5. Il ressort des pièces du dossier que Mme C...a produit en cours d'instance, pour établir le lien de filiation avec l'enfant SalimatouC..., un extrait d'acte de naissance n° 11294 transcrit par la commune de Dixinn le 10 décembre 2013 sur la base d'un jugement supplétif n° 4727 rendu le 4 septembre 2013 par le tribunal de première instance de Conakry II. Le ministre fait valoir que cet acte n'a été produit qu'en cours d'instance devant le tribunal administratif alors que ce document a été nécessairement transcrit et délivré avant le dépôt de la demande de visa et qu'en outre, ce jugement supplétif n'a été produit à aucun moment de la procédure. Toutefois, la production tardive de ces documents, dont Mme C...soutient qu'ils n'étaient pas en sa possession lors de la demande de visa et du recours devant la commission de recours contre les décisions de refus de visa d'entrée en France, ne permet pas à elle seule de remettre en cause les mentions figurant sur l'extrait d'acte de naissance, ni celles du jugement supplétif, produit en appel, sur la base duquel il a été dressé. Le caractère frauduleux de ce jugement n'est ni établi, ni allégué par le ministre. Par ailleurs, ni la méconnaissance du code civil guinéen, ni le caractère falsifié de la signature de Mme C... sur le passeport de sa fille, ce dernier corroborant les mentions indiquées sur les documents produits, ne sont démontrés. Dans ces conditions, le ministre de l'intérieur n'est pas fondé à soutenir que c'est à tort que, par le jugement attaqué, le tribunal administratif de Nantes a annulé la décision implicite de la commission de recours contre les décisions de refus de visa d'entrée en France.
Sur les conclusions à fin d'injonction sous astreinte :
6. Le présent arrêt n'implique pas le prononcé d'une injonction autre que celle déjà prononcée par les premiers juges, dès lors qu'il appartient au ministre de prendre les mesures nécessaires pour qu'un visa de long séjour soit délivré à Mlle E...C.... Les conclusions à fin d'injonction ne peuvent qu'être rejetées. Dans les circonstances de l'espèce, il n'y a pas lieu d'assortir l'injonction prononcée par les premiers juges d'une astreinte.
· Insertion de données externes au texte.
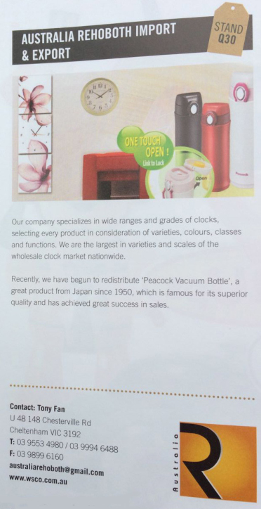 Please visit our distributor in Australia, Australia Rehoboth Import & Export Pty Ltd, at Stand Q30 Gift & Homewares, Queensland on July 5-7, 2014.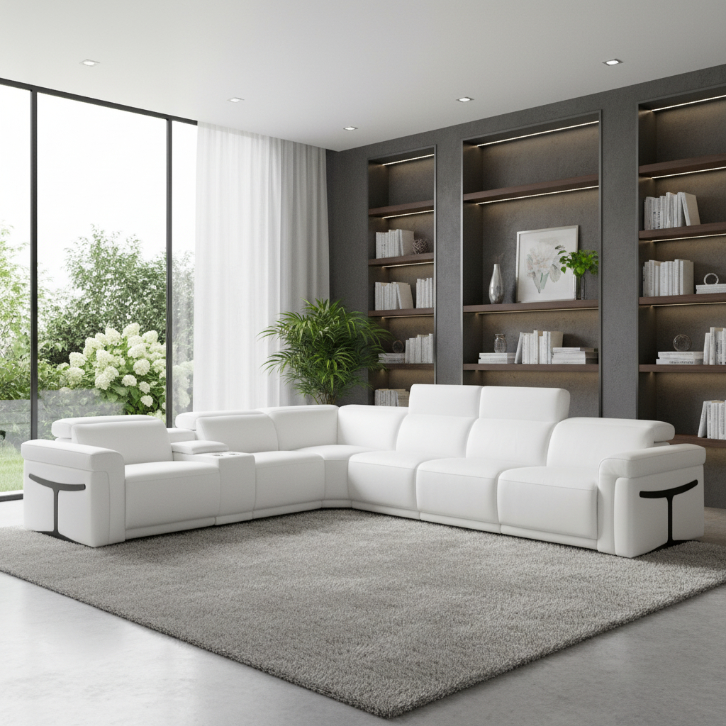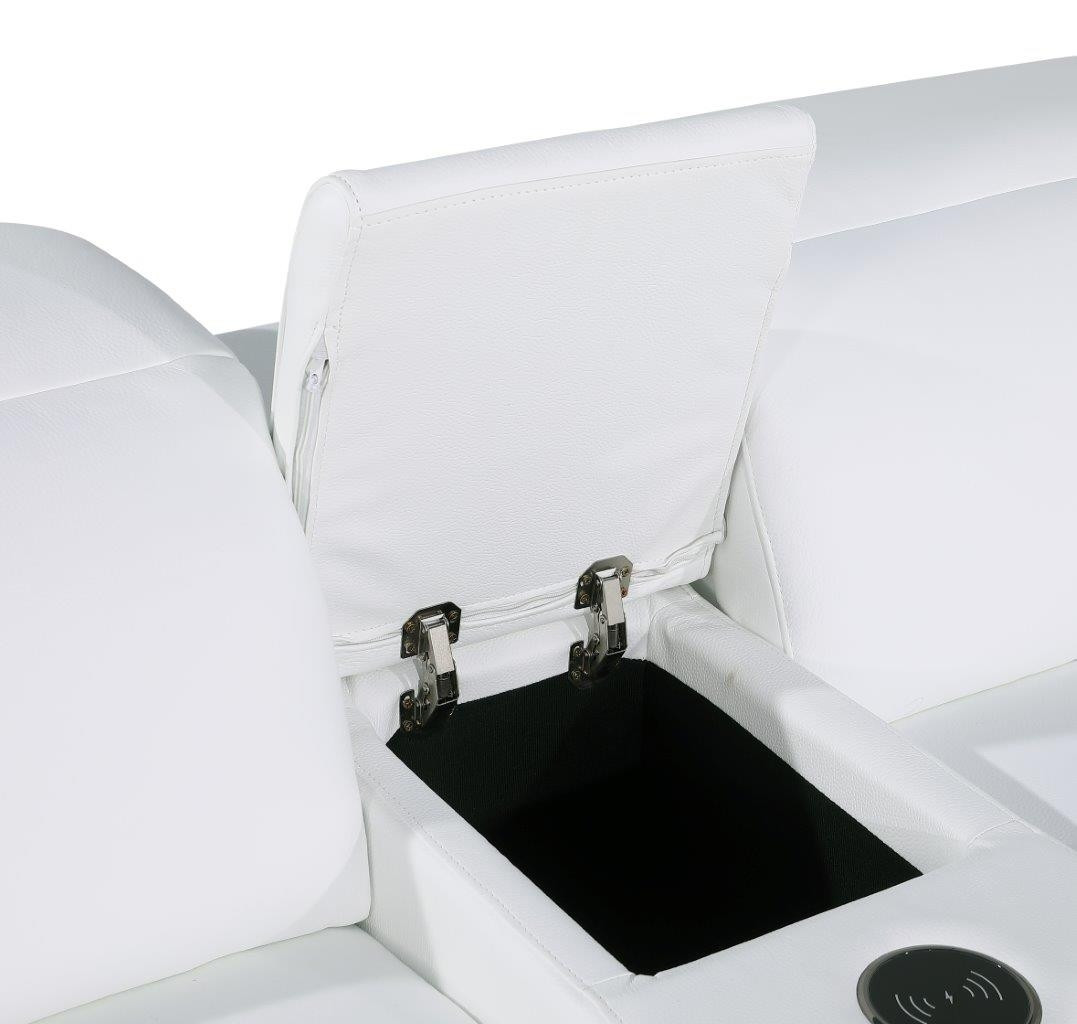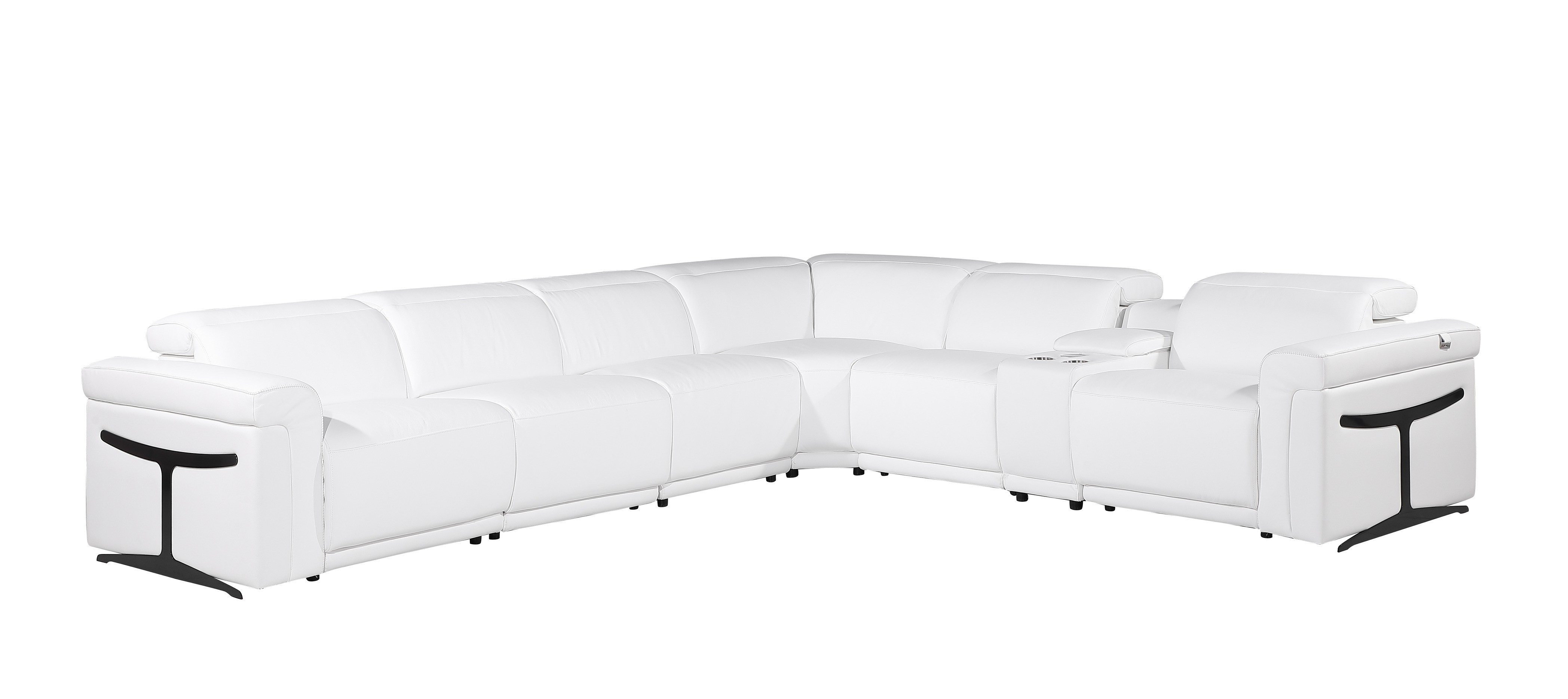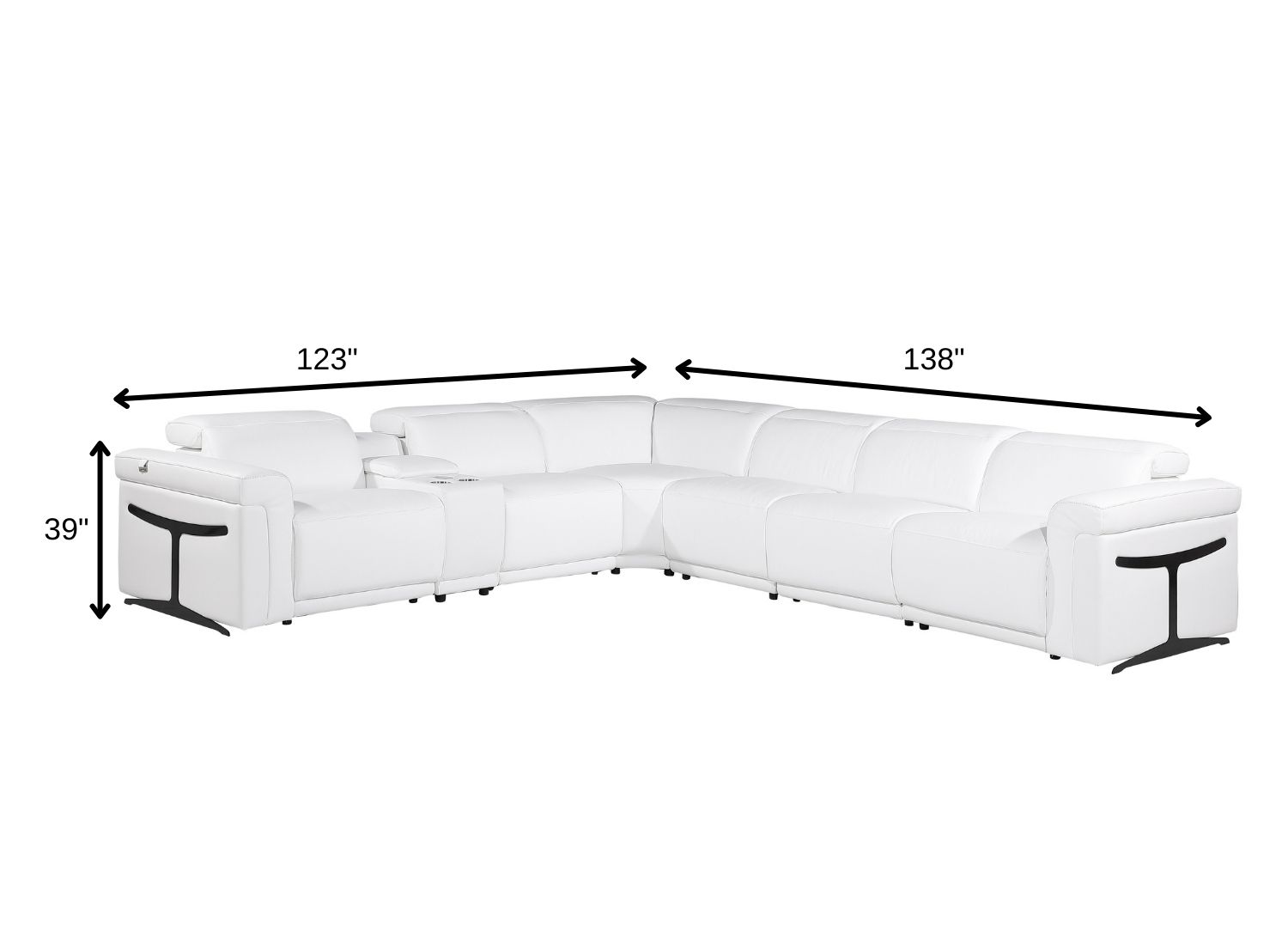 Superior construction from fabulously soft and high-grade leather gives this white italian leather modular l shaped seven piece corner sectional with console a leg up on the competition. The premium leather used makes your lounging luxuriously comfortable and adds an elegant appeal to your space. Solid colors give you lots of decorative options and are easy to work into your decor scheme. Flared_arms offer a comfy place to rest. For the ultimate in relaxation, this sectional includes power - push button recline that turns it into a comfy lounge for sleeping or resting. Add versatility to your room as this sectional opens up into a n/a sleeper bed. Silver metal legs effortlessly elevate the room and add a touch of contemporary design. Great for everyday lounging and for entertaining, sectionals are an ideal way to seat multiple people. 39-inch h x 138-inch w x 123-inch d.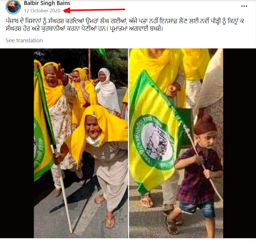 काही पंजाबी कीवर्ड वापरून फेसबुक वर शोध घेतला असता, आम्हाला ऑक्टोबर 2020 मध्ये व्हायरल प्रतिमेसह शेअर केलेल्या काही इतर पोस्ट आढळल्या, जे केंद्र सरकारने तीन कृषी कायदे मागे घेतल्यानंतरचा हा फोटो नसल्याची पुष्टी करतात.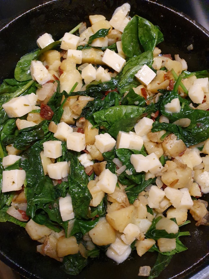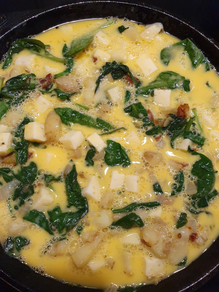 Varm litt rapsolje på middels varme i en stor stekepanne som tåler å settes inn i stekeovnen (f.eks jernpanne). Økologisk kaldpresset rapsolje inneholder mer Omega-3 fra planteriket enn olivenolje, men fettcellene omdannes til «usunt fett» over 180 grader så stek på middels varm. Legg heller på et lokk under stekeprosessen for å redusere tilberedningstiden. Gi løk og hvitløk noen minutter på å bli gjennomvarm før du har i potet, spinat og soltørka tomat. Når spinaten har «falt sammen» heller du over pisket egg og fløte.

Sur les conclusions tendant à l'application des dispositions de l'article L. 761-1 du code de justice administrative et de l'article 37 de la loi du 10 juillet 1991 :
7. Considérant que Mme C...n'a pas obtenu le bénéfice de l'aide juridictionnelle. Par suite, son avocat ne peut pas se prévaloir des dispositions de l'article 37 de la loi du 10 juillet 1991 pour demander le versement d'une somme à ce titre. Dès lors, ces conclusions doivent être rejetées.
DÉCIDE :
Article 1er : La requête du ministre de l'intérieur est rejetée.
Article 2 : Les conclusions présentées par Mme C...au titre de l'article L. 761-1 du code de justice administrative sont rejetées.
Article 3 : Le présent arrêt sera notifié à Mme A...B...épouse C...et au ministre de l'intérieur.
Délibéré après l'audience du 15 février 2019, à laquelle siégeaient :
- M. Dussuet, président de chambre,
- M. Degommier, président-assesseur,
- M. Mony, premier conseiller.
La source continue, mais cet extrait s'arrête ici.